A double album of pop-tastic hits from the years 1967 to 1976, with each side logically covering a two or three-year timeframe (listen and learn, K-Tel). So you go from Procol Harum to Georgie Fame, Marvin Gaye to Desmond Dekker, Slade to Wizzard, and from David Essex to the Bay City Rollers (and all stops in between). Difficult to believe that Radio 1 was once only ten years old, and from the look of the group photo featured in the gatefold cover, it was all reassuringly Anchorman back then; of the fourteen DJs pictured, Anne Nightingale is the lone female. Everyone else is sporting cheesy grins, flared collars, and a ridiculous amount of hair; only a purposeful-looking John Peel emerges largely unscathed in the sartorial stakes - though it must be said, the late Jimmy Saville is resplendent in a red “Flags of the United Kingdom” trackie top and sunglasses that Liam Gallagher would kill for.

Album: Jackie Gleason – Merry Christmas (1956)

Shop: P.E.O.P.L.E.

Cost: 50p

You may remember Jackie Gleason as Minnesota Fats, Paul Newman's nemesis in The Hustler. You may remember him as Sheriff Buford T. Justice, Burt Reynold's nemesis in the Smokey and the Bandit films. You may, by association, remember him from Eddie Murphy's impersonation in his concert film Delirious (“Norton my friend, how would you like to fuck me up the ass?”).

But before all this, he was a band leader and musical arranger of some repute, and was serious about it too. When I pick up his “Merry Christmas” LP, I'm expecting a festive novelty album of the highest order, but no, there's not a thing tongue-in-cheek about it. Gleason apparently wanted to create “musical wallpaper”, and his musical arrangements are lush in the extreme. He also employs something called an electric celeste (played by someone known only as Hercules). This gives a lot of the tracks a downright spooky sound that brings to mind the soundtrack music to Twin Peaksor Mulholland Drive. If David Lynch has a favourite Christmas album, this is probably it.
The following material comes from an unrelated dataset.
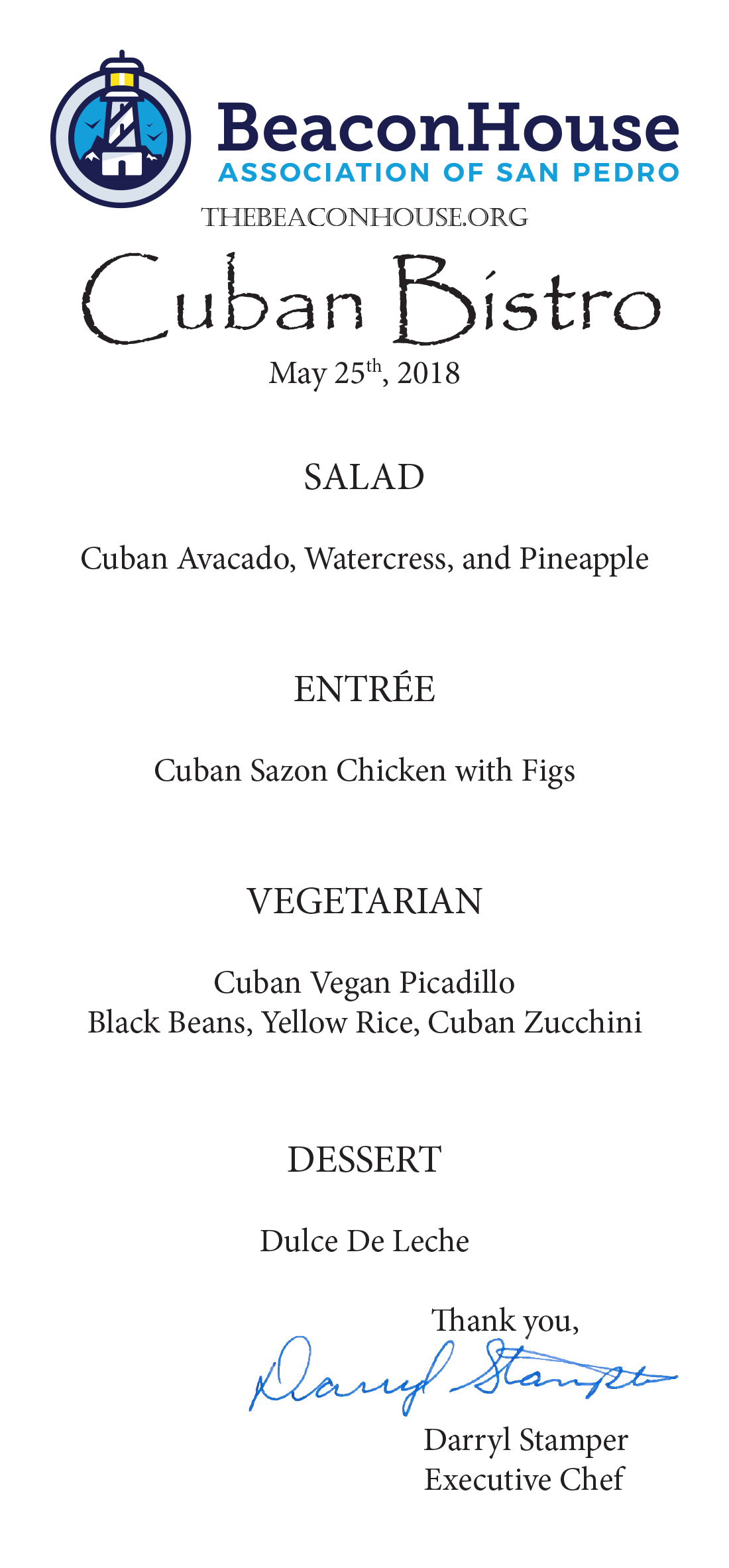 Our May Bistro will be featuring cuisine from Cuba. Come enjoy a night of fine food prepared by our culinary team at the Bartlett Center in San Pedro. “Meet the Men” and appetizers will begin at 5:30, check in is at 6:00 pm. Dinner is served at 6:30 pm. This is a good opportunity to learn more about The Beacon House and our mission.

With one pound of the allotted budget left, I go looking at the singles on offer. Not my favourite things: getting up every twenty-five minutes to switch sides on an album niggles after a while, having to do it after a mere three minutes is damn near intolerable. But at 20p a pop, I'm willing to make an exception – and there are some damn fine tracks to choose from. I treat myself to The Beat's version of “Tears of a Clown”, Georgie Fame's hit “Yeh Yeh” from 1965 (which on this particular copy of the single is called “Yeah, Yeah”), a double A-side from 1969 featuring Jackie Wilson's “I Get the Sweetest Feeling” and “(Your Love Keeps Lifting Me) Higher and Higher”, an ancient pressing of Chubby Checker singing “Let's Twist Again”, and finally – perfectly - Serge Gainsbourg and Jane Birkin gettin' it on with “Je T'aime....Moi Non Plus”.

It's fair to say that every piece of vinyl you find in a charity shop benefits from a good wipe down when you get it home. For a single where Jane Birkin convincingly fakes an orgasm, I'm thinking it's probably something that's worth doing twice.